Confused with ".act = nn.Identity()"

I am trying to understand a model implementation where there is this following layer. I don’t understand what the last line means.

class Model(nn.Module):
    def __init__(self,
                 num_class,
                 num_point,
                 num_person,
                 num_gcn_scales,
                 num_g3d_scales,
                 graph,
                 in_channels=3):
        super(Model, self).__init__()

        Graph = import_class(graph)
        A_binary = Graph().A_binary
        
        self.sgcn2 = nn.Sequential(
        MS_GCN(num_gcn_scales, c1, c1, A_binary, disentangled_agg=True),
        MS_TCN(c1, c2, stride=2),
        MS_TCN(c2, c2))
        self.sgcn2[-1].act = nn.Identity()

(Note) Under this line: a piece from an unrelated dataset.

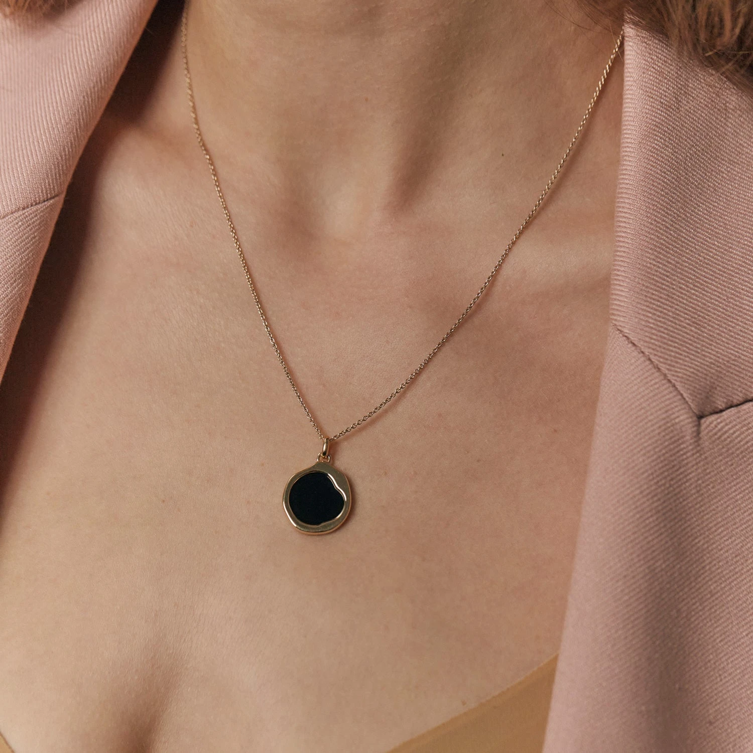 A pendant with a surrealistic design that was inspired by nature and liquidity. The Organic Onyx Pendant represents night whilst the Organic Crystal piece stands for light. Crafted from 14K recycled gold in the South of Germany.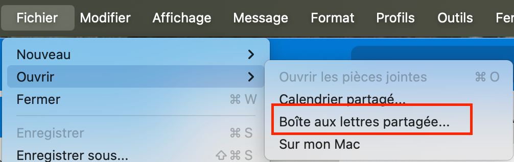 4. Sélectionner Boîte aux lettres partagée…

It looks like the model first perform spatial graph convolution followed by two temporal convolution. But what happens with this line self.sgcn2[-1].act = nn.Identity()

Your suggestions will greatly help. Thanks.

Hi,

self.sgcn2 is sequential of MS_GCN, MS_TCN, and MS_TCN.
So, self.sgcn2[-1] refers to the last MS_TCN.
self.sgcn2[-1].act is either the attribute or member variable of an instance of MS_TCN. From that name, I guess by default MS_TCN has some activation function such as Sigmoid and ReLU. Though the author of that snippet wanted that last module to use Identity as its activation.

Thank you so much. That is exactly the case, there is a activation function in MS_TCN and act holds the value that determines what the activation will be.